Pro Challenge champion Garmin-Sharp hopes to make some noise in 100th Tour de France
Defending Pro Challenge champion Christian Vande Velde, a two-time top-10 finisher in the Tour, was among the nine riders Garmin-Sharp named to its Tour team this week, but he will ride mainly in a support role and is not expected to take the lead as one of the squad’s top riders.
Vande Velde and Garmin-Sharp stunned BMC Racing member and Boulder favorite Tejay van Garderen, a former best young rider winner at the Tour, in last year’s Pro Challenge, which featured stages in Beaver Creek and Aspen. But the veteran Vande Velde will back up a cadre of talented young Garmin-Sharp riders in this year’s Tour.
“We have a deep team with a lot of options as we head into the Centennial Tour de France. Our goal is to animate the race, and with an aggressive strategy we will aim to place high in the general classification,” Garmin-Sharp CEO Jonathan Vaughters said in a release. “We have a few guys capable of achieving that.”
The squad for the 100th Tour de France includes 2012 Giro d’Italia champion and former top-10 Tour finisher Ryder Hesjedal; young American Andrew Talansky, making his Tour de France debut; 2013 Liege-Baston-Liege winner Dan Martin; recent Giro d’Italia stage winner Ramunas Navardausaks; and Tour rookies Jack Bauer and Rohan Dennis.
“Ryder’s won a Grand Tour and placed in the top 10 of the Tour de France; Andrew is young, and while it’s his first Tour de France, he is coming off a great season; and Dan Martin is having a breakout year with his wins in Catalunya and Liege-Baston-Liege,” Vaughters said.
“We will protect our best GC options and see how the race shakes out. Our approach is a little unconventional, but we’ve managed to come up with surprises every year at the Tour, and we’re hoping for the same as we head into Corsica.”
Wily vets Vande Velde, Tom Danielson, of Boulder, and five-time Tour stage winner David Millar round out the Garmin-Sharp team. All three riders are coming of six-month suspensions for doping confessions, and all three played key roles in testifying against former seven-time Tour winner Lance Armstrong.

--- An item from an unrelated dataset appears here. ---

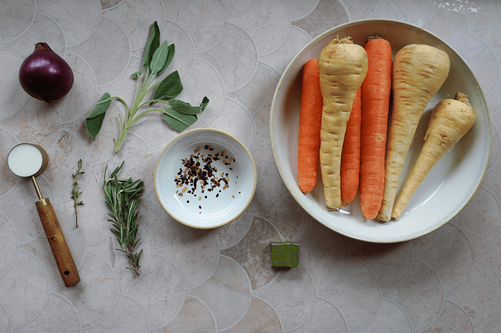 If you’re getting sick of the festive leftovers; try turning all the extra carrots, parsnips and herbs you want to use up into this cosy and delicious soup…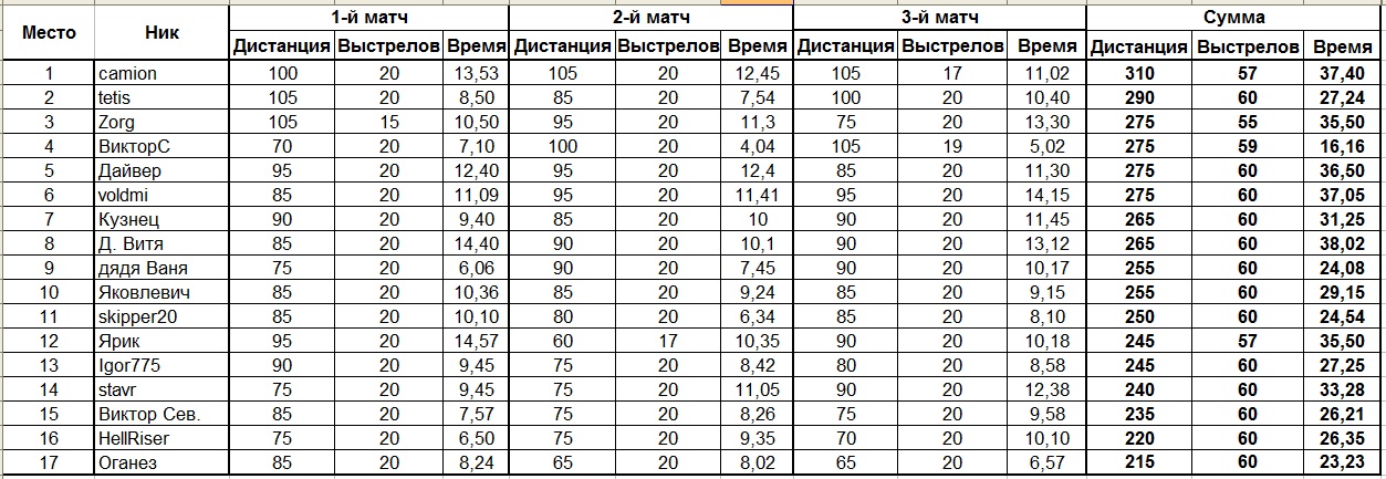 В итоговой табл. по Легкому Варминту у Хелрайсера нужно поменять местами красный цвет 4-го и 5-го этапов

Their reception at this year’s Tour remains to be seen, but their veteran presence is seen as a plus for Garmin-Sharp, which espouses a philosophy of racing hard and racing clean.
“We have a good mix of guys with a lot of experience combined with young riders competing in their first Tour de France,” said Charly Wegelius, Director Sportif for Garmin-Sharp. “We have options when it comes to general classification and we also have riders who are capable of stage wins, so we’ll be looking for those opportunities as well. It’s going to be an exciting three weeks.”
The Tour favorite this year is Sky Procycling’s Chris Froome, who finished second to teammate Bradley Wiggins last year. Wiggins, recovering from injuries and illness, will not defend his Tour title and is focused on finishing the season strong after the Tour.
Top-ranked for the first time has committed to send a team to this year’s USA Pro Challenge, which runs Aug. 19-25 and includes stages in Vail, Beaver Creek and Aspen. But it’s unlikely Wiggins will be on that squad.
“My main focus for the rest of this year is the World Time Trial Championships at the end of September,” Wiggins said in a release. “I’ll be riding the Tour of Britain before that as preparation, and I’m really pleased about that.”
Depending on how he does in the upcoming Tour, Froome could compete in the Pro Challenge in August.